If you don't mind me asking what are you guys paying for solar salt. Im paying 4.99 at the local home depot for 40 lb bags of this brand. I use it to make my brine and also spread it on the parking lots fairly frequently. Very consistent product. Just wished I had a cheaper source for it.


----------



## dlcs (Sep 2, 2004)

The most I pay is 4.50 for 50lb. bag,


----------



## dlcs (Sep 2, 2004)

You can get it mucher cheaper if you buy it by the semi load from Cargil.


----------



## jblatti13 (Jan 24, 2009)

this year i paid $3.00 per 50lb bag, bought by the pallet payup


----------



## overtime (Nov 5, 2009)

I think I paid 3.50 for 50 lb bags when I bought the pellet.


----------



## leon (Nov 18, 2008)

*solar salt*

Good morning fellow board members,

About solar salt:

The naturaly refined "solar" salt can be used for tabke salt as well

as a salt for deicing which is common in the western states with

no access to rock salt for deicing.

Salt for your table(salt shaker) or livestock is made from

either:

solar evaporated salt which is

solar evaporated salt meaning naturally evaporated by sun and wind; or

heated salt brine which in most brine plants is dried using vacuum assisted

drying pans.

leon


----------



## Westhardt Corp. (Dec 13, 2009)

Leon.

Has.

Spoken.


----------



## dlcs (Sep 2, 2004)

Modern Marvles did a show on salt. One of the cool things was how they get solar salt. They show this program quite a bit on the History Channel.


----------



## DURAMAXPLOW2003 (Jan 12, 2008)

i enjoy the coarse solar salt.......the size of an air stem valve cap...some time from tractor supply...by the pallet where ever its' cheapest. i like it because after you drive over it a little it crushes a bit and becomes another product moving around my customers p-lot. works for me...my customers loathe sand.


----------



## Kubota 8540 (Sep 25, 2009)

dlcs;1001248 said:


> Modern Marvles did a show on salt. One of the cool things was how they get solar salt. They show this program quite a bit on the History Channel.
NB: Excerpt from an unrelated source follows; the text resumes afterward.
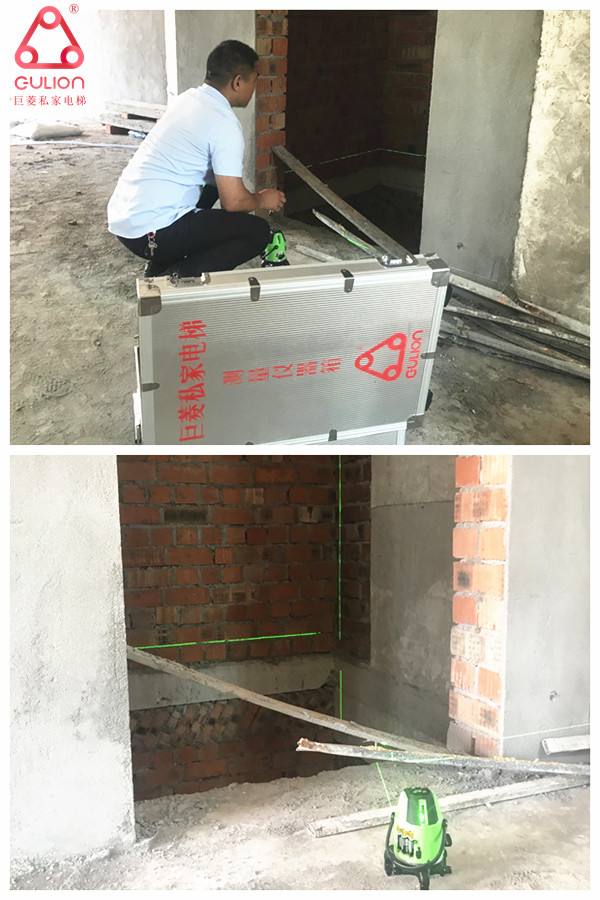 巨菱技術利用水平激光測試儀 精確勘測陳總上海四層別墅電梯井道尺寸

Yeah I think Leon narrated that show..........


----------



## Westhardt Corp. (Dec 13, 2009)

Is it wrong that I am a total geek for those History shows? ::adjusts pocket protector::


:laughing:


----------



## dlcs (Sep 2, 2004)

Westhardt Corp.;1002007 said:


> Is it wrong that I am a total geek for those History shows? ::adjusts pocket protector::
> 
> :laughing:


I love the the History channel. Lets see there is Modern marvels, Engineering Distasters, Mega Disasters, Mega movers.

How about The discovery channel. Extreme Engineering, Extremem machines, How they do it, how its made, Ultimate Factories.

I am a junkie for anything engineering or showing how something is done. I like educational shows. Yes, i am a geek and proud of it.:laughing:


----------



## Westhardt Corp. (Dec 13, 2009)

I look at it like this--knowing how they calculate the blade angles of torpedo props (and subsequently manufacture them) could come in very handy someday.


----------



## Kubota 8540 (Sep 25, 2009)

leon;1001216 said:


> Good morning fellow board members,
> 
> About solar salt:
> 
> ...


Leon, when the ocean floods low lying areas then evaporates, that's solar salt right? I read that some of these places, then scrape off as little as 1/2" which ends up to equal something like 3 million tons? I'm starting to worry about your fingers? Maybe they should go in for a stress test? Your post seem to be getting shorter. Or maybe just more efficient.


----------



## leon (Nov 18, 2008)

Kubota 8540;1002675 said:


> Leon, when the ocean floods low lying areas then evaporates, that's solar salt right? I read that some of these places, then scrape off as little as 1/2" which ends up to equal something like 3 million tons? I'm starting to worry about your fingers? Maybe they should go in for a stress test? Your post seem to be getting shorter. Or maybe just more efficient.


-------------------------------------------------------------------------------------------------------------------------------================================================================
greetings and salutations,

The short answer is yes, some solar salt operations will pan shallow amounts of sea water and then take the inch or half inch from that particular pan rather than simply concentrate the saline solution for three or more years and then harvest it.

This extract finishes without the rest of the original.